A beam of light swept inside through the window full onto her face. She turned round sleepily. Then she was jolted out of her bed with her heart thumping by loud knocking on her door, and someone was cursing. She got up with a mumbled response, told them to spare her door, she was coming. When she opened the door bleary-eyed, she saw a police jeep, a sub-inspector she did not know, a 'head,' and two constables.
" Are you Chattupalli Ramulamma, of Gangpur-B hamlet, Raikode Mandal, by profession a dai?" asked the inspector rather unnecessarily.
She nodded helplessly.
"You are under arrest," he said turning away irritably towards the jeep, and the constables caught her by either arm, giving her no time to wash her face. She slipped her feet into her chappals as they dragged her along, and held up a finger pleadingly at the sub-inspector.
" Umm, go behind your hut." He nodded to the head constable who took her round. When she hesitated, her escort said gruffly: "What modesty do you women have? Do it in front of me." So she lifted up her sari, squatted and peed against her own wall.
No one would answer any of her pleading questions as she sat uncomfortably on the metal floor of the jeep at the back, with the booted feet of her captors kicking her at every bump in the road that the vehicle took at great speed. She did not expect that any of the constables would allow her to sit beside them. The sub-inspector sat on the cushioned seat in front beside the driver and spoke incessantly into his walkie-talkie in English. She soon knew they were on their way to Hyderabad, but she hadn't been to the great city in months, so why were they arresting her?
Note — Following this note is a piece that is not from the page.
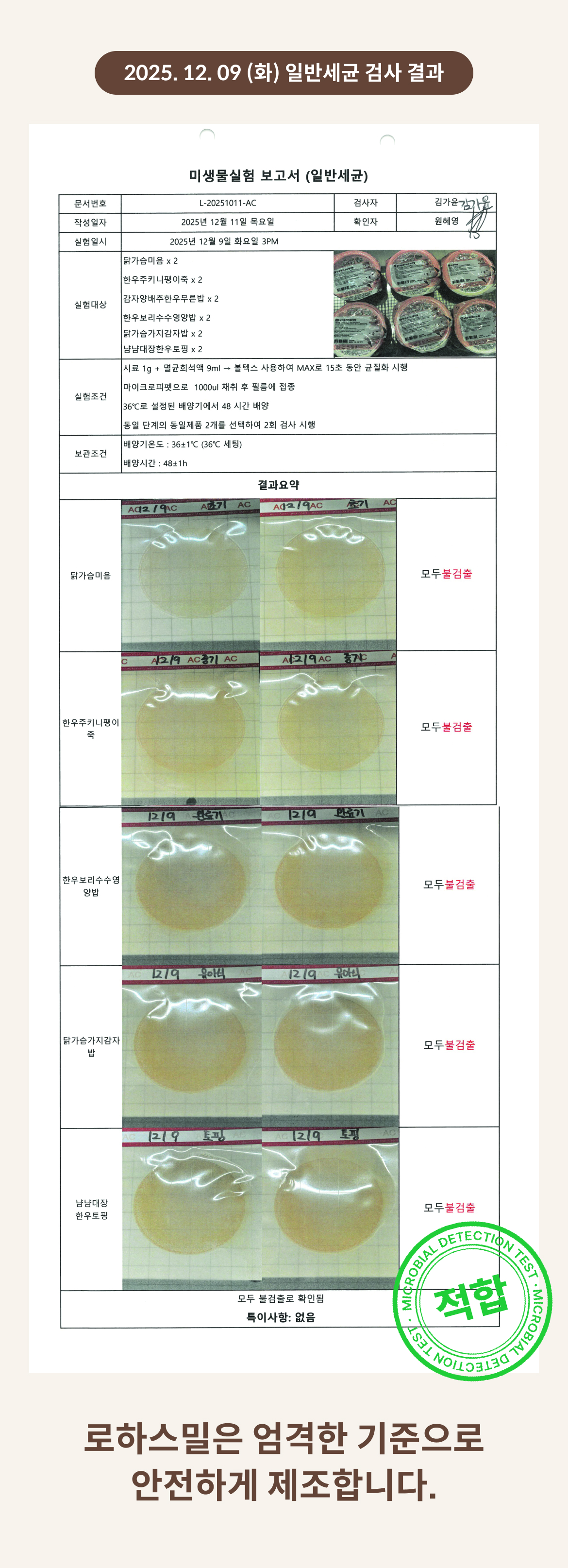 2025. 12. 09 (화) 일반세균 검사 결과

In forty minutes are so, the jeep swerved off the road and pulled up at an all night dhaba. The sub-inspector got out with a groan, and waving his stick in greeting to the Sikh owner disappeared inside, most probably for a cup of tea or an omelette or something hot to eat. The constables were served tea outside near the jeep, though the 'head' went and started a conversation with the Sikh.
A constable, Aslam Bhai, who stood near her, whispered in low tones that a terrorist had been caught, and she was being taken to Hyderabad only for questioning, she would be let go, when it was done. When she asked what could she know, he shrugged noncommittally and moved away to talk to his colleague. So that was it, someone from her past, who was or had been a Naxalite, had mentioned her name most probably under torture, and they were pulling her in to get information. Her peace of mind returned, her links with all the revolutionaries had broken very many years ago, she knew no more than anyone else in any village, and she would be able to convince the interrogating officer, surely no one less than an Assistant Commissioner of Police, that she knew nothing of importance, and she would be back home by the late afternoon bus.
As they neared the city, the jeep turned onto a ring road, and swung past the great city with its gleaming lights. Half-an-hour later, they pulled up at a police station, with peeling paint, and an unkempt yard, on the outskirts of the city. As they mounted the flagged steps, the sub-inspector, suddenly communicative, pointed to the Closed Circuit TV cameras mounted in the ceiling, and smiled at her. "None of them work, you know why? Because this is where we interrogate dangerous criminals, and we do not want any records." He saluted the Circle Inspector in charge, handed her over, saluted again, and departed with his men, while she was locked up in a cell.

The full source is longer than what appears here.